The invention provides an antioxidant, fat-reducing and anti-aging product containing Acetobacter pasteurella (Acetobacter pasteurianus) WY202202 strain or bacterial liquid thereof.
Preferably, the concentration of the bacterial solution of the Acetobacter pasteurium (Acetobacter pasteurianus) WY202202 strain or the bacterial solution thereof is 8.4X10- 7~3.2×1011 CFU/mL.
More preferably, the concentration of Acetobacter pasteurella (Acetobacter pasteurianus) WY202202 strain is 8.4X10 9 CFU/mL.
The invention provides a method for prolonging the service life of animals and promoting the growth and development of the animals, which adopts Acetobacter pasteurium WY202202 strain or bacterial liquid thereof to feed the animals.
Preferably, the animal broadly refers to organisms belonging to the kingdom animalia, including but not limited to mammals, biologically.
Further preferably, the animal is a nematode.
Preferably, the above-mentioned products can be aimed at animals of different ages; more preferably, the method comprises the following steps: the use starts from the L1 phase.
Preferably, the product is health food, medicine, feed or additive thereof, and the product is in the form of liquid, jelly, stick, powder, tablet, granule or capsule.

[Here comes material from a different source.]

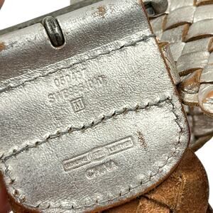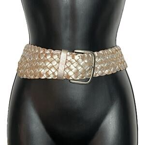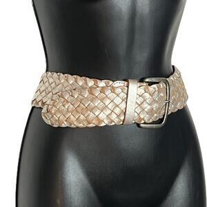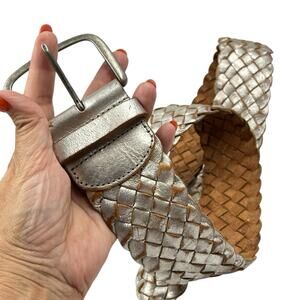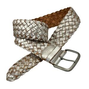 Up for sale, a very nice Fossil woven leather belt with a slightly distressed silver/brown finish. It is in very good preowned condition. It is marked a size M.

The invention has the following beneficial effects:
The invention provides a novel application of Acetobacter pasteurii (Acetobacter pasteurianus) WY202202 strain in the aspects of antioxidation, fat reduction and aging resistance, and the strain can enhance the antioxidation capability of caenorhabditis elegans, reduce the oxidative damage of organisms, prolong the service life of the nematodes, increase the body length of the nematodes, improve the running power and reproductive capacity of the nematodes, reduce fat accumulation and delay the aging of the organisms. It is shown that Acetobacter pasteurii WY202202 can be used for preparing or developing antioxidant, antiaging and lipid-lowering products.
Drawings
FIG. 1 shows the Acetobacter pasteurii WY202202 as a evolutionary tree.
FIG. 2 shows the effect of Acetobacter pasteurisis WY202202 on N2 longevity of caenorhabditis elegans (wherein OP50: E.coli OP50; WY202202: acetobacter pasteurisis WY 202202; WY202202supernatant: acetobacter pasteurisis WY202202 metabolite; WY202202 heat-treatment: acetobacter pasteurisis WY202202 dead bacteria).

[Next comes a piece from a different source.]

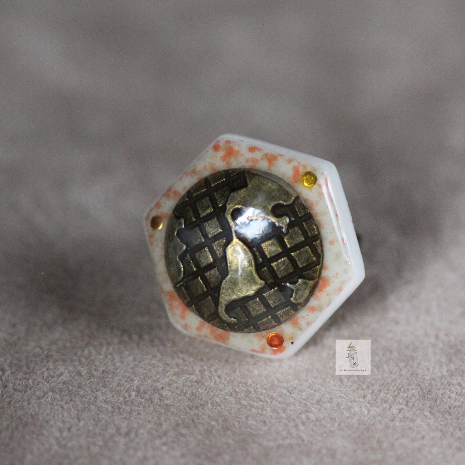Cette bague est composée d’un carreau de Briare orange orné d’une map-monde.
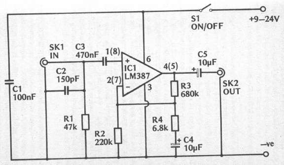 We found this circuit in an English documentation from 1989. The integrated circuit used is not very common nowadays. The circuit does not need a symmetric power supply.

FIG. 3 shows the changes in body length (A), motility (B) and fertility (C) of Acetobacter pasteurella WY202202 fed to caenorhabditis elegans (wherein OP50: E.coli OP50; WY202202: acetobacter pasteurella WY202202 live bacteria).
FIG. 4 shows the effect of Acetobacter pasteurisis WY202202 on the fat content (A) and mitochondrial membrane potential (B) of insects (wherein OP50: E.coli OP50; WY202202: acetobacter pasteurisis WY202202 live bacteria).
FIG. 5 shows that Acetobacter pasteurii WY202202 affects the ROS production and antioxidant properties of nematodes (A: MDA content; B: ROS content; C: SOD activity; D: GSH content; E: CAT activity, wherein OP50 is fed E.coli OP50; WY202202 is fed Acetobacter pasteurii WY202202 viable bacteria).
Detailed Description
The invention is further illustrated in the following drawings and specific examples, which are not intended to limit the invention in any way. Unless specifically stated otherwise, the reagents, methods and apparatus employed in the present invention are those conventional in the art.
Reagents and materials used in the following examples are commercially available unless otherwise specified.
Reagents or formulations employed in the following examples:
Acetic acid bacteria liquid culture medium: 10.0g/L glucose, 10.0g/L yeast powder, and 121 ℃ for 20min, 3% (V/V) absolute ethanol is added before inoculation. Acetic acid bacteria solid culture medium: agar 2% was added to the liquid medium.
Wild caenorhabditis elegans N2, E.coli OP50: purchased from nematode center CGC (Caenorhabditis GENETICS CENTER).
NGM medium: 3g of sodium chloride, 2.5g of tryptone, 17g of agar powder, 25mL of potassium phosphate buffer solution (1 mol/L), 1mL of CaCl 2 solution (1 mol/L), 1mL of MgSO 4 solution (1 mol/L), distilled water to 1000mL and autoclaved at 121 ℃ for 20min. After the temperature was reduced to about 60℃and sterilized, l mL of cholesterol solution (5 mg/mL,95% ethanol solution) was added, and after shaking, the plate was poured.
LB liquid medium: 5g of yeast powder, 10g of tryptone and 10g of NaCl, adding distilled water to 1000mL, and sterilizing at 121 ℃ for 20min.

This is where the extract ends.